<<<<

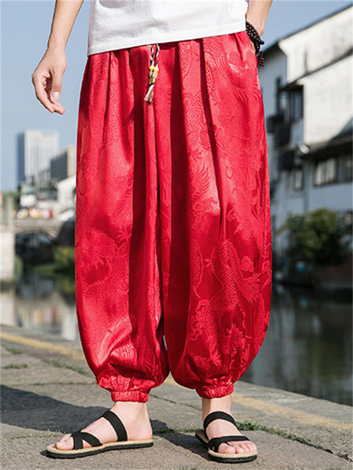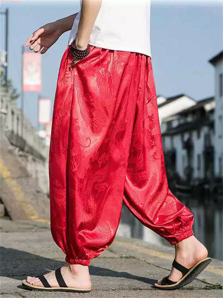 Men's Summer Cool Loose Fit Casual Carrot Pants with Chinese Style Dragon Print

>>>>
<<<<

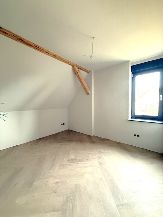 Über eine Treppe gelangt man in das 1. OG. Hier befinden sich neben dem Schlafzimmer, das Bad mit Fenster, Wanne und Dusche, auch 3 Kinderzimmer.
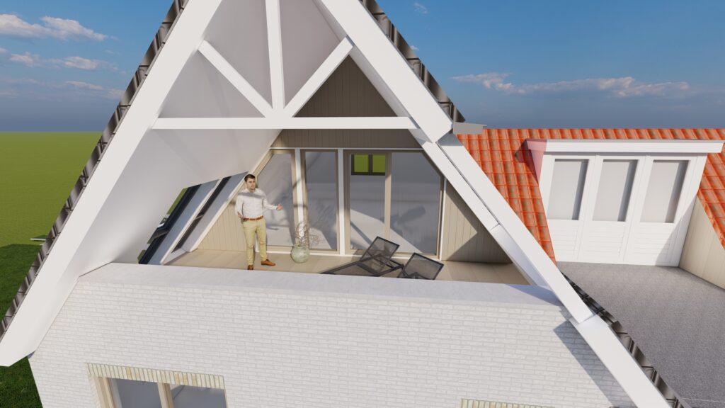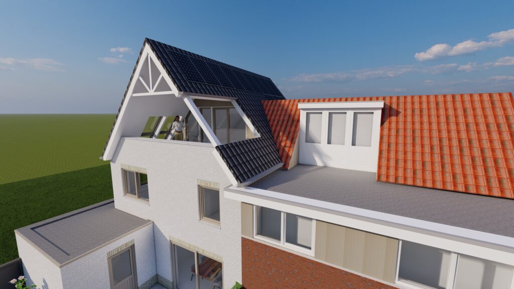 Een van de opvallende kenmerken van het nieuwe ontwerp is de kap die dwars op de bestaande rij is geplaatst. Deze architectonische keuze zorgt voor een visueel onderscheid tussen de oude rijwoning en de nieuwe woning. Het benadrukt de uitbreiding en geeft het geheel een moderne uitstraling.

>>>>

▶ **What is required**
When copying from the data above, print only the lines from the line containing "Über eine Treppe" to the line containing "Een van de opvallende", exactly, and leave the pictures out.

▶ **Output of the task**
 Über eine Treppe gelangt man in das 1. OG. Hier befinden sich neben dem Schlafzimmer, das Bad mit Fenster, Wanne und Dusche, auch 3 Kinderzimmer.
 Een van de opvallende kenmerken van het nieuwe ontwerp is de kap die dwars op de bestaande rij is geplaatst. Deze architectonische keuze zorgt voor een visueel onderscheid tussen de oude rijwoning en de nieuwe woning. Het benadrukt de uitbreiding en geeft het geheel een moderne uitstraling.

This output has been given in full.